* Exercise requirements
Leave out the pictures and retype, exactly, the lines below from the line with "View Al Jafiliya" up to and including the line with "Un Rat Terrier", nothing more.

* Records provided
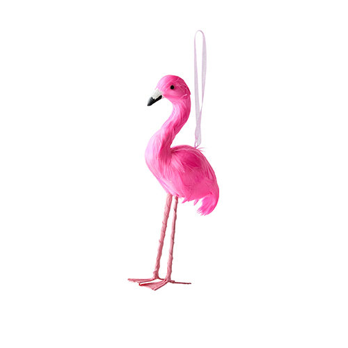 ふわふわの羽が印象的なフラミンゴのオーナメント。
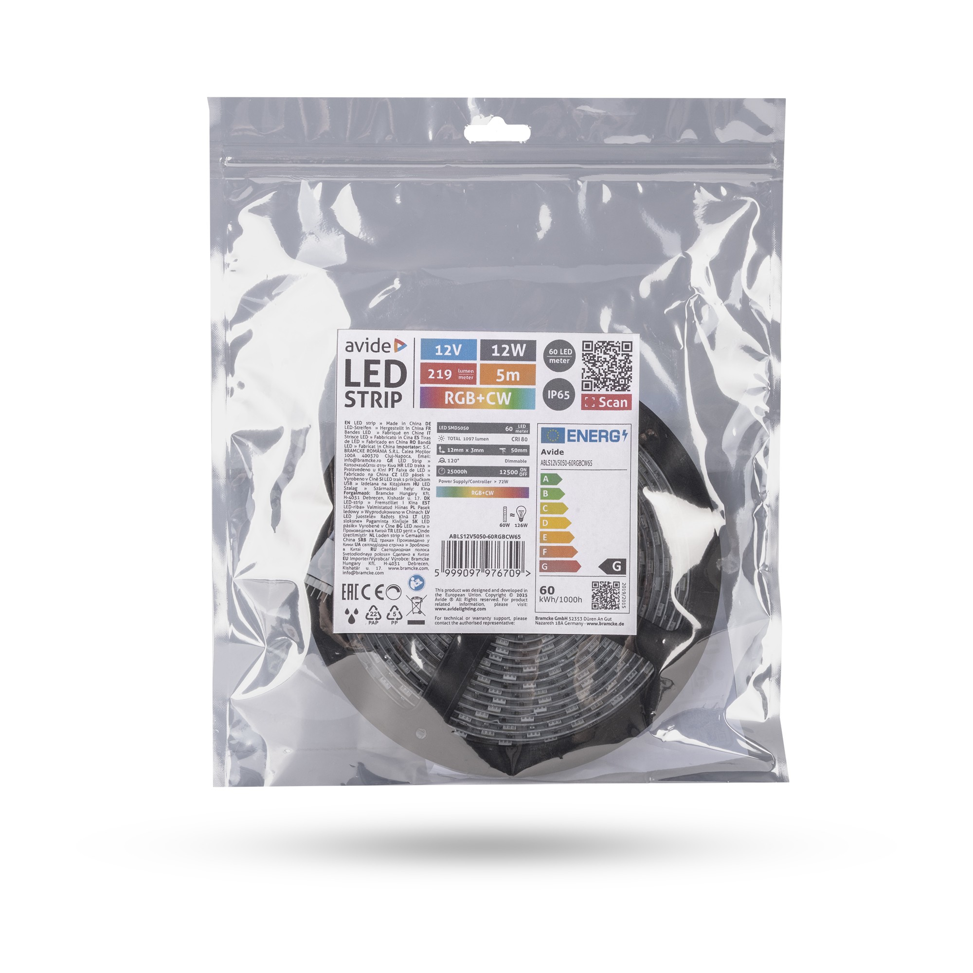 Avide LED Strip 12V 12W RGB+W(6000K) IP65 5m
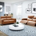 Deze tweezitsbank combineert comfort en elegantie en is bekleed met hoogwaardig leer in een warme cognacbruine tint. Het modulaire ontwerp bestaat uit twee stoelen die met elkaar verbonden zijn door scharnierende gewrichten, waardoor de hoofdsteunen handmatig kunnen worden gekanteld of elektrisch in hoogte kunnen worden versteld om de gewenste houding te bereiken. De metalen profielen die de zijkanten omlijsten, versierd met een orthogonaal gewatteerd patroon, bieden structurele steun aan het geheel.
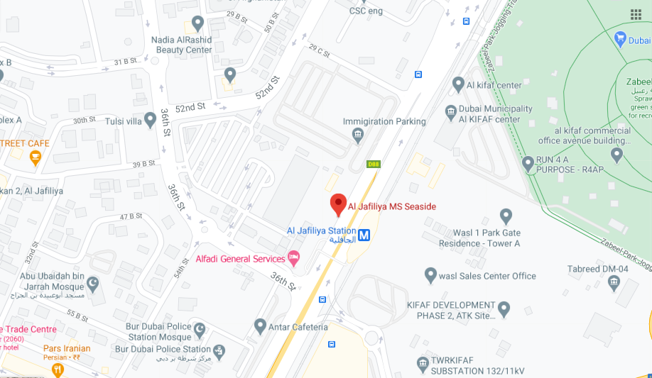 View Al Jafiliya MS Seaside Metro Bus Stop Location on Google Map
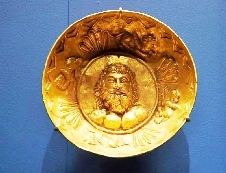 在展览第一单元,“芳香国:多元文化下犍陀罗文明的诞生”主题单元里,一件华丽的酒神金碗(见右图)在入口处格外引人注目。金碗浮雕有四头翼狮与四蕨类叶片,中央头像呈希腊贵族面相,眉骨隆起,双眼圆睁,络腮胡浓密,长发垂肩。依据发上所饰葡萄叶,专家判断其为古希腊神话中的酒神狄俄尼索斯。这件纯金的碗盛满美酒,几百年前使用它的人们,高唱着佛陀乔达摩悉达多的慈悲。
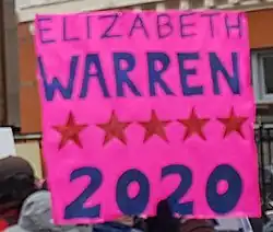 The 2020 presidential campaign of Elizabeth Warren was a campaign from the senior United States senator from Massachusetts. It began with Warren's formal announcement on February 9, 2019, at a rally in Lawrence, Massachusetts, at the site of the 1912 Bread and Roses Strike.[10][11] The announcement followed widespread speculation that she would run after supporters urged her to run in the 2016 Democratic presidential primaries.[12] In 2018, Warren had been considered a top contender for the 2020 Democratic presidential nomination.[13]
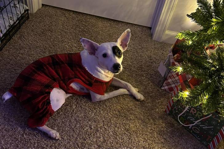 Un Rat Terrier allongé sur une moquette et portant un habit
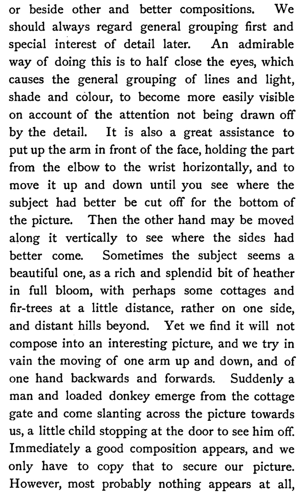 Selection of a Subject—It is strange what a long time it takes before the beginner can learn to choose a subject that composes well. Details attract him too much, such as a splendidly rugged trunk, a beautiful group of flowers, a charming reflection, or a most rustic cottage, which one and all rivet his attention regardless of surroundings, and he is surprised when his sketch is done how poor and uninteresting it looks if put upon a wall or beside other and better compositions. We should always regard general grouping first and special interest of detail later. An admirable way of doing this is to half close the eyes, which causes the general grouping of lines and light, shade and colour, to become more easily visible on account of the attention not being drawn off by the detail. It is also a great assistance to put up the arm in front of the face, holding the part from the elbow to the wrist horizontally, and to move it up and down until you see where the subject had better be cut off for the bottom of the picture. Then the other hand may be moved along it vertically to see where the sides had better come. Sometimes the subject seems a beautiful one, as a rich and splendid bit of heather in full bloom, with perhaps some cottages and fir-trees at a little distance, rather on one side, and distant hills beyond. Yet we find it will not compose into an interesting picture, and we try in vain the moving of one arm up and down, and of one hand backwards and forwards. Suddenly a man and loaded donkey emerge from the cottage gate and come slanting across the picture towards us, a little child stopping at the door to see him off.
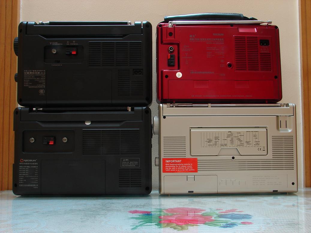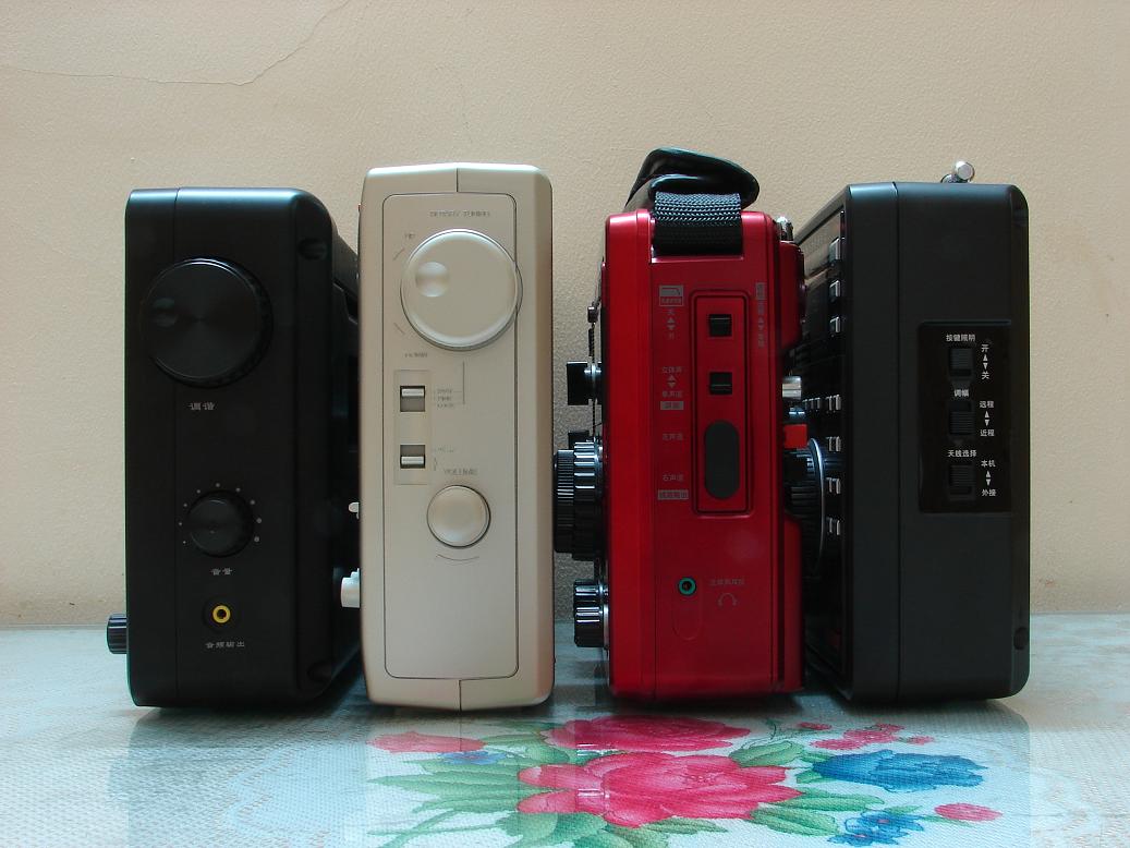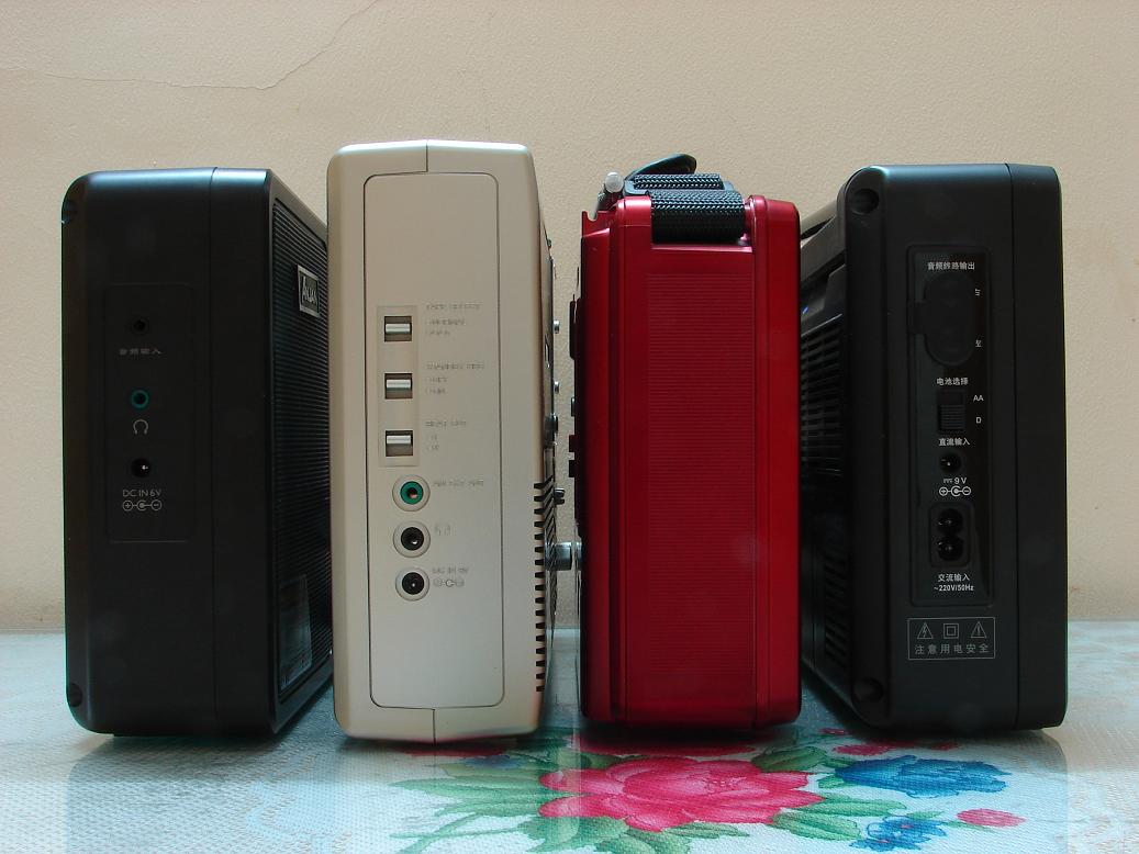 国产收音机中四款个头差不多的大便携机,其中德生BCL3000是手调数显机,其它三款都是传统的数调机,其中山进的还带有老式的磁带播放功能,它们共通的特点是比普通收音机要大的多的音量和优质的音色,有幸把它们集合在一起作一番比较,和喜欢大机器的朋友们共赏。
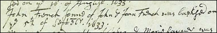 2.1 John French christened 5 Sep 1633 at St. Barnabas Church in Great Tey, County Essex, England. See image below.

* Answer space
 View Al Jafiliya MS Seaside Metro Bus Stop Location on Google Map
 在展览第一单元,“芳香国:多元文化下犍陀罗文明的诞生”主题单元里,一件华丽的酒神金碗(见右图)在入口处格外引人注目。金碗浮雕有四头翼狮与四蕨类叶片,中央头像呈希腊贵族面相,眉骨隆起,双眼圆睁,络腮胡浓密,长发垂肩。依据发上所饰葡萄叶,专家判断其为古希腊神话中的酒神狄俄尼索斯。这件纯金的碗盛满美酒,几百年前使用它的人们,高唱着佛陀乔达摩悉达多的慈悲。
 The 2020 presidential campaign of Elizabeth Warren was a campaign from the senior United States senator from Massachusetts. It began with Warren's formal announcement on February 9, 2019, at a rally in Lawrence, Massachusetts, at the site of the 1912 Bread and Roses Strike.[10][11] The announcement followed widespread speculation that she would run after supporters urged her to run in the 2016 Democratic presidential primaries.[12] In 2018, Warren had been considered a top contender for the 2020 Democratic presidential nomination.[13]
 Un Rat Terrier allongé sur une moquette et portant un habit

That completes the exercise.